- Memristors to bring brain-like computing to artificial intelligence systems
- Atomically tunable devices offer energy-efficient AI processing
- Neuromorphic circuits open new possibilities for artificial intelligence
A new frontier in semiconductor technology could be closer than ever after the development of atomically tunable “memristors,” which are cutting-edge memory resistors that emulate the neural network of the human brain.
With funding from the National Science Foundation’s FuSe2 program, this initiative aims to create devices that enable neuromorphic computing, a next-generation approach designed for high-speed, energy-efficient processing that mimics the brain’s ability to learn and adapt. .
At the core of this innovation is the creation of ultra-thin memory devices with atomic-scale control, which will potentially revolutionize AI by allowing memristors to act as artificial synapses and neurons. These devices have the potential to significantly improve computing power and efficiency, opening up new possibilities for artificial intelligence applications, while training a new generation of semiconductor technology experts.
Challenges of neuromorphic computing
The project focuses on solving one of the most fundamental challenges of modern computing: achieving the precision and scalability needed to bring brain-inspired AI systems to life.
To develop high-speed, energy-efficient networks that function like the human brain, memristors are the key components. They can store and process information simultaneously, making them particularly suitable for neuromorphic circuits where they can facilitate the type of parallel data processing seen in biological brains, potentially overcoming the limitations of traditional computing architectures.

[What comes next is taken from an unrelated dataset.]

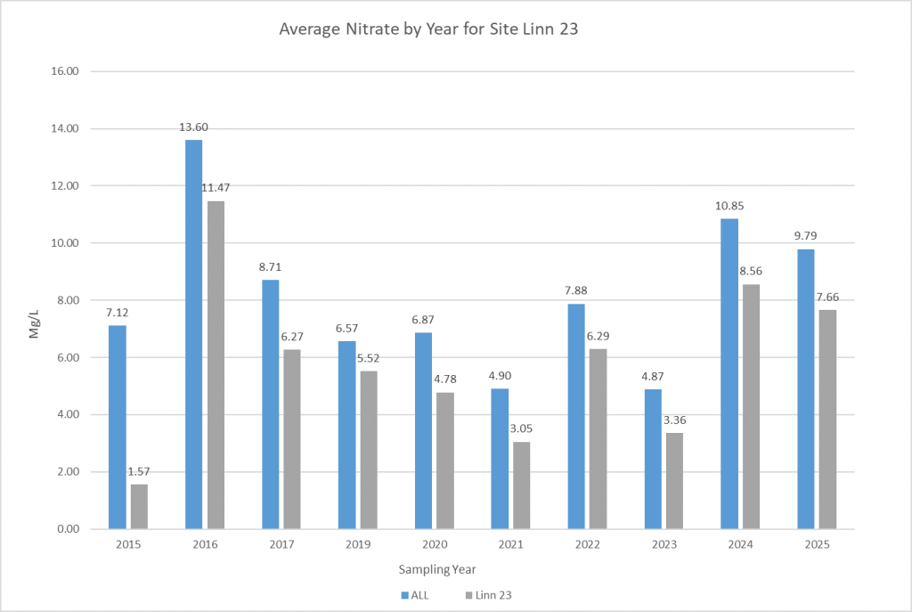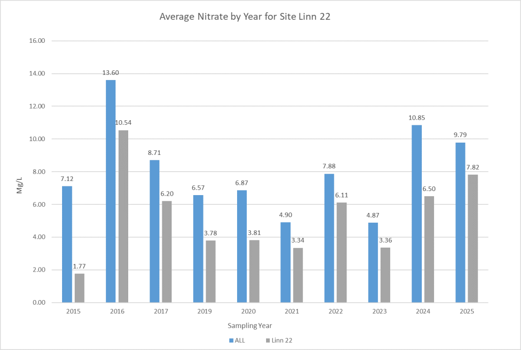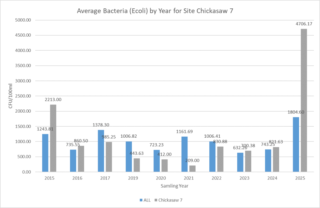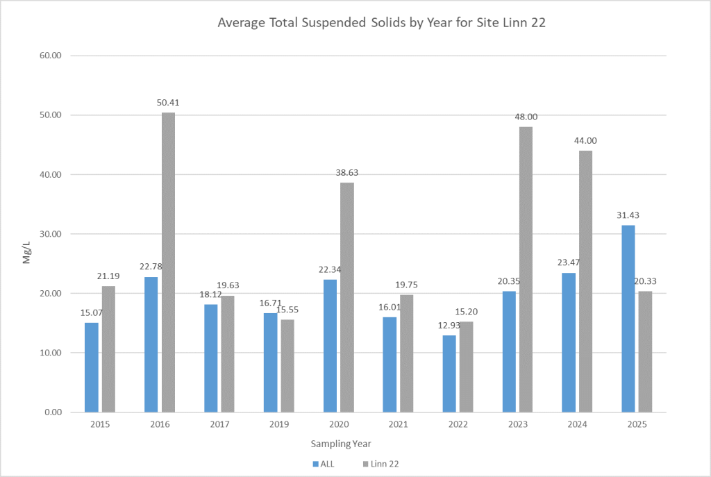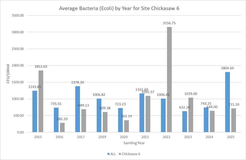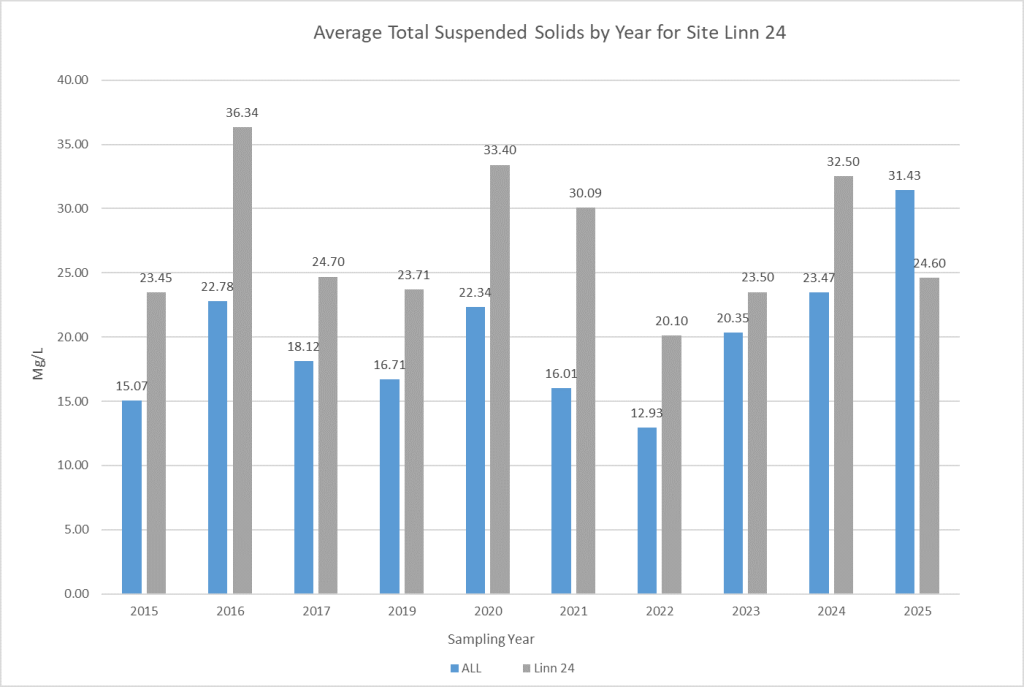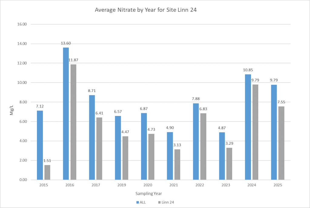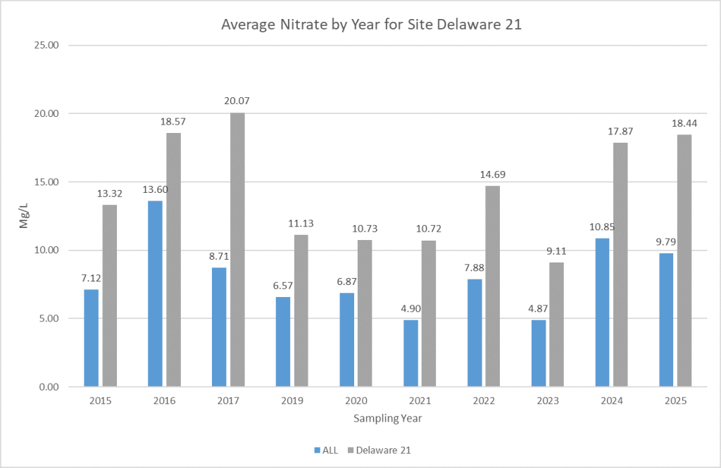 Click on the site of interest to explore nitrate, phosphate, total suspended solids, and bacteria data for that site. The tables associated with each site average results from each sampling year compared to the watershed-wide average.

The joint research effort between the University of Kansas (KU) and the University of Houston led by Judy Wu, Distinguished Professor of Physics and Astronomy at KU, is supported by a $1.8 million grant from FuSe2.
Wu and his team have pioneered a method to achieve sub-2 nanometer thickness in memory devices, with film layers approaching a staggering 0.1 nanometer, about 10 times thinner than the average nanometer scale. .
These advances are crucial for the semiconductor electronics of the future, as they enable the creation of devices that are extremely thin and capable of performing precise functionality, with large area uniformity. The research team will also use a co-design approach that integrates design, manufacturing and materials testing.
In addition to its scientific goals, the project also has a strong focus on workforce development. Recognizing the growing need for trained professionals in the semiconductor industry, the team has designed an educational outreach component led by experts from both universities.
“The overall goal of our work is to develop atomically ‘tunable’ memristors that can act as neurons and synapses in a neuromorphic circuit. By developing this circuit, we aim to enable neuromorphic computing. “This is the main focus of our research,” Wu said.
“We want to mimic how our brain thinks, calculates, makes decisions, and recognizes patterns—essentially everything the brain does with high speed and high energy efficiency.”